The Serbian is awaiting the outcome of an appeal against the decision by the Australian Border Force (ABF) to cancel the reigning Australian Open champion’s entry visa and deport him.
With the appeal adjourned until 10am on Monday, Djokovic is being detained at the Park Hotel, a state-run quarantine facility in Melbourne which has also housed asylum seekers.
Djokovic has spoken in the past about his opposition to vaccination, and posted on social media before setting off for the Australian Open to say he had received “exemption permission” to enter the country.
The ABF, though, refused to let the 34-year-old in, saying he had failed to provide appropriate evidence to justify the exemption.
Serbian president Aleksandar Vucic claims Djokovic was the victim of “political persecution” by the Australian Prime Minister Scott Morrison and others in the country’s government, calling on them to move him from the “horrific hotel” where he is being detained into a private rented house.
Back in Belgrade, Djokovic’s father Srdjan demonstrated outside the National Assembly buildings and addressed a media conference to highlight what the Serbian’s family and his supporters perceived to be an injustice Down Under.
“He met all the required conditions for the entry and participation at the tournament that he would have certainly won, since it’s Novak, the best tennis player and sportsman in the world,” Srdjan Djokovic told a press conference on Thursday.
“Jesus was crucified and endured many things, but is still alive among us. Novak is also crucified… He will endure.”
Srdjan Djokovic had also said that his son was being singled out unfairly.
“Novak and his team filed the same documents as 25 other tennis players (who received exemptions) and they didn’t have any problems, just Novak,” Djokovic senior said in an interview broadcast by Sky News.
“They wanted to humiliate him. They could have said ‘don’t come Novak’ and that would have been okay. But no, they wanted to humiliate him and they’re still keeping him in prison.
“He’s not in detention, he’s in prison. They took all of his stuff, even his wallet, they left him with just his phone and no change of clothes, nowhere to wash his face.
“Our pride is a prisoner of these idiots, shame on them, the whole free world together with Serbia should rise. This isn’t a battle for Serbia and Novak, it’s a battle for billions of people, for freedom of expression, for free speech, freedom of behaviour.
“Novak didn’t break any laws, just as seven billion people didn’t break any laws, they want to subdue us and for us all to be on our knees.”
Australian Prime Minister Morrison even indicated that Djokovic’s public statement about the exemption had drawn him to the attention of the ABF.
Home Affairs Minister Karen Andrews said on Channel 9 News: “A visa was granted for entry, but that does not guarantee entry.
“He (Djokovic), along with any other individual who is seeking to enter Australia, also has to meet the entry requirements which at this point includes medical evidence of vaccination or alternatively medical reasons why that individual cannot be vaccinated.
“He hasn’t met the entry requirements – there is a lot of chatter about the visa, but that in my understanding is not the issue, it is the entry requirements…. that he was not able to produce the evidence which was needed for entry into Australia.”
Andrews added the ABF was also now investigating other players who may have already entered the country using a similar medical exemption to which Djokovic had claimed on his visa.
“As people come into Australia, they need to have met our entry requirements as well as having a visa,” she said.
“They stand the risk if they come in and don’t have the proper documentation, that they will be stopped at the border and will go through exactly the same process which is being played out now.”
Andrews maintained Djokovic was not being detained under duress.

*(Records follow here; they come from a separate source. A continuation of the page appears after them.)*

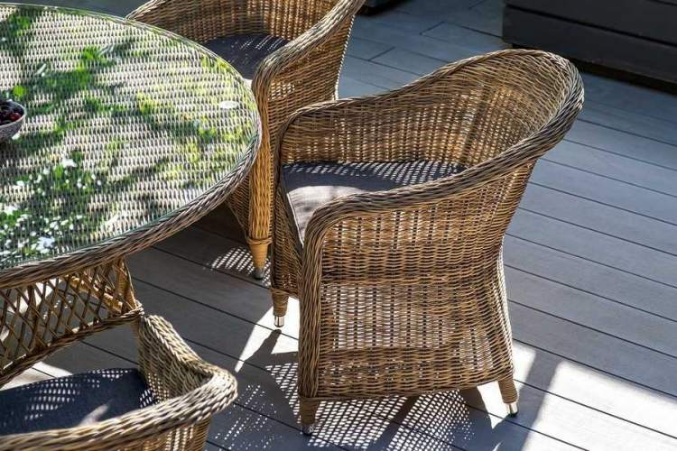 Кресло для сада из искусственного ротанга из коллекции «Равенна» станет поистине украшением вашего сада, веранды или террасы. Его можно использовать в помещении и на улице. Кресло изготовлено посредством ручного плетения и выполнено из круглого искусственного ротанга соломенного цвета. Для укрепления конструкции использован алюминиевый каркас. Благодаря ему плетеное кресло остается легким, но прочным. Оно способно выдержать до 150 кг. Размеры: 680×570×810 мм. В комплект включена серая подушка со съемным чехлом из полиэстера, который обработан влагоотталкивающими пропитками. Чехол можно стирать.
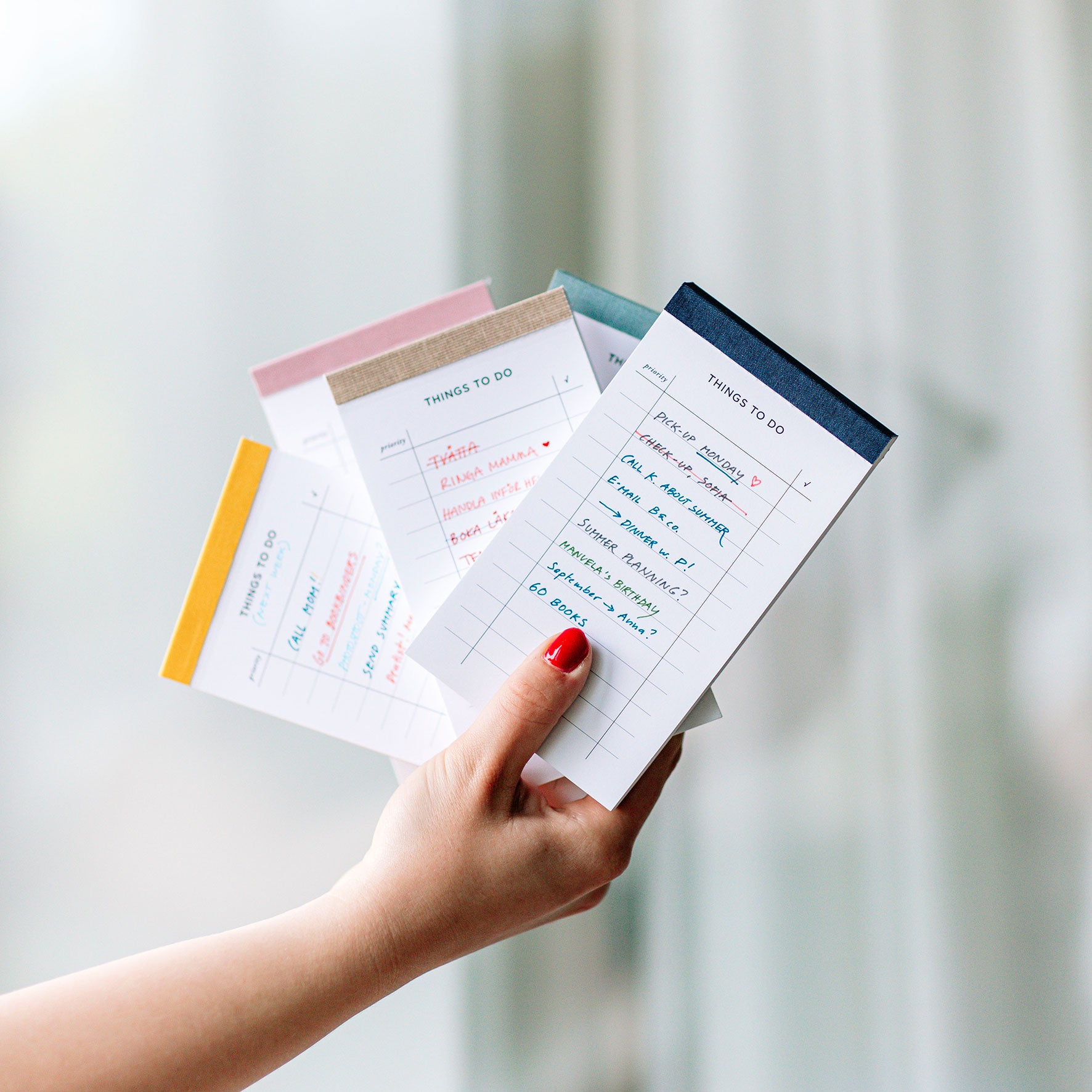 The sun yellow Bookbinders Design to-do list planner is the perfect tool for staying organised. It comes with 64 sheets of acid-free and age-resistant white Swedish 170gsm paper and features three columns including task, priority and done. It is perforated at the spine for easy tear off, while the Swiss binding at the top is covered with bookbinding cloth to add a touch of style.
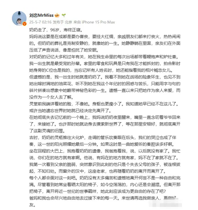 2025年5月7日凌晨,音乐人刘恋在社交平台发布长文悼念离世的96岁祖母。这篇饱含深情的文字迅速登上热搜,引发广泛共鸣。在文字中,刘恋不仅追忆了作为孙女的亲情,更表达了对未能以平视角度了解祖母完整人生的遗憾。
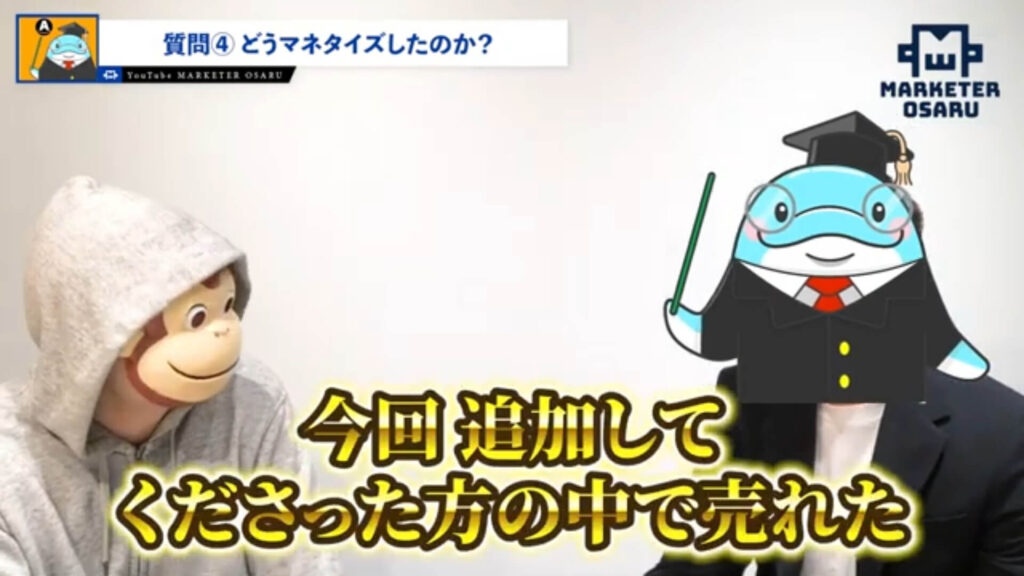 おさる:そこで重大発表で、ちょっとは入っていたけども、新しいプリプリローンチの動画を上げて、500名が登録してくれたと。その500名で2,300万円。過去のリストの人からも売れたりはしたんですか?
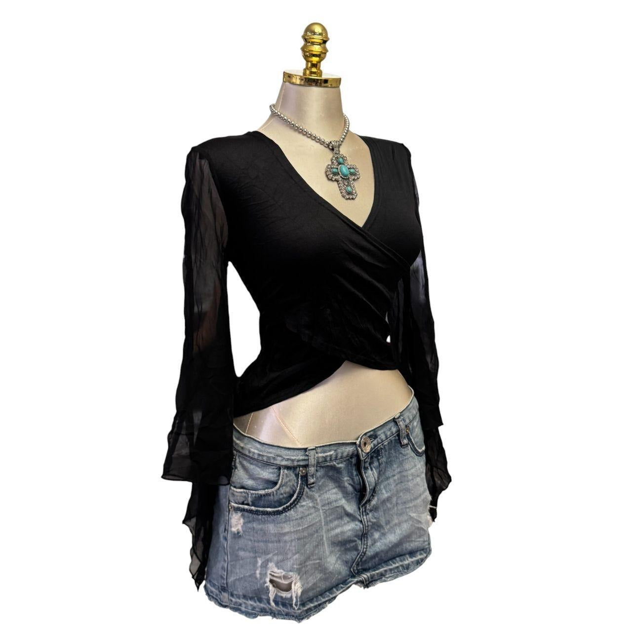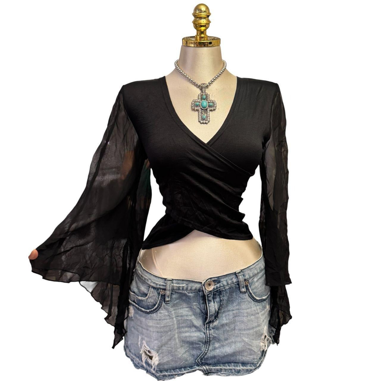 Y2K Vintage Black Mesh Butterfly Sheer Sleeve Top [M]

Speaking to ABC, she said: “(He) is not being held captive in Australia. He is free to leave at any time that he chooses to do so and Border Force will actually facilitate that.
“We treat all people who are in immigration detention fairly, equitably.”
Djokovic’s great rival, Rafael Nadal, had little sympathy for the Serbian.
“I have been vaccinated twice. If you do this, you don’t have any problem to play here,” the Spaniard said after his match against Ricardas Berankis at the Melbourne Summer Set warm-up tournament on Thursday.
“The only clear thing is if you are vaccinated, you can play in the Australian Open and everywhere, and the world in my opinion has been suffering enough to not follow the rules.
“There are rules, and if you don’t want to get the vaccine, then you can have some troubles. I think if he wanted, he would be playing here in Australia without a problem.
“He made his own decisions, and everybody is free to take their own decisions, but then there are some consequences.
“Of course I don’t like the situation that is happening. In some way I feel sorry for him.
“But at the same time, he knew the conditions months ago, so he makes his own decision.”